# Picking up new 2005 28RSS 8-28-04!



## Camper Louise (Aug 7, 2004)

Love this web site and all the valuable information. Keep posting!

We are picking up our new Outback 28RSS 2005 tomorrow from Clarkston, Wa.

Anxious to post our own pictures and mods and share with you.

We have 2 boys and a girl (15, 13 and 9) that probably will not go to sleep easily tonight as they are so anxious to sleep in those bunks and have their own room.

We also took delivery of our new tow vehicle today - a Dodge Ram 1500 SLT 4x4.

Way too much excitement for one weekend and yes a few stomach aches of our own at spending so much money.

We figure the kids will not be available or interested in camping with us as they get older so we are taking the plunge and investing in more fun family time.

We just sold our Coleman Mesa pop-up that we popped up for 5 years. We thoroughly enjoyed our years with the Coleman but feel like we outgrew it (sons 5'11" and 5'5").

We needed more kitchen and lounging space for our family of five and our newest addition Cindi Lou the 5 month old Golden Retriever.

Be back soon with our photos! action


----------



## rennerbee (Jul 25, 2004)

Camper Louise, Welcome! action

Glad that you have found the site useful and I am sure that you will continue to learn from it as I believe even the "Senior Members" still ask opinions as well as provide helpful advise.

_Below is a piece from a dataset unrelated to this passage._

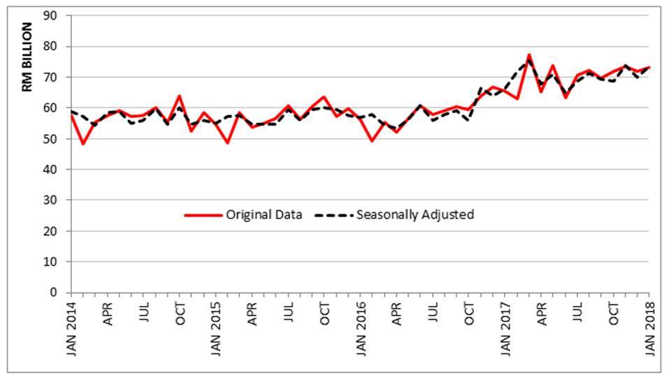 - On a m-o-m basis, imports also rose RM1.1 billion (+1.5%) from RM72.1 billion. In seasonally adjusted terms, imports increased 5.0%.

I am sure that you and your growing family will enjoy your rig for years to come! Congratulations and welcome to Outback Country!









~Brook


----------



## Thor (Apr 7, 2004)

Welcome

Another member to our Outback group









I have been a member since April and have found this site extremely helpful. The members are all great.









Thor


----------



## Y-Guy (Jan 30, 2004)

Welcome aboard, congrats on your camper. We have the same unit and really love it. What part of the NW are you from? If you're interested we're having a NW Outbackers rally Sept 17th. We live over in the Tri-Cities and have been camping with ours in OR, WA and ID this year, great camping summer and still going strong into the fall/


----------



## Navy Outbackers (Jun 30, 2004)

We have had our 28RSS for about 4 weeks - it is a great rig!! Big head turner...we pulled into the Pacific Beach Navy Resort in Pacific Beach, WA and it was the start of alot of conversations. We ordered ours in late may through a great dealer in Portland (closer to Aloha), Oregon and picked it up in late August. The dealers in Washington, Tacoma RV (not a very friendly bunch) and a dealer in Bellingham,WA had just terminated his contract with Keystone in handling the Outback line...so we had to make the trek to Oregon. No problem....enyoy and best wishes with your 28RSS!!


----------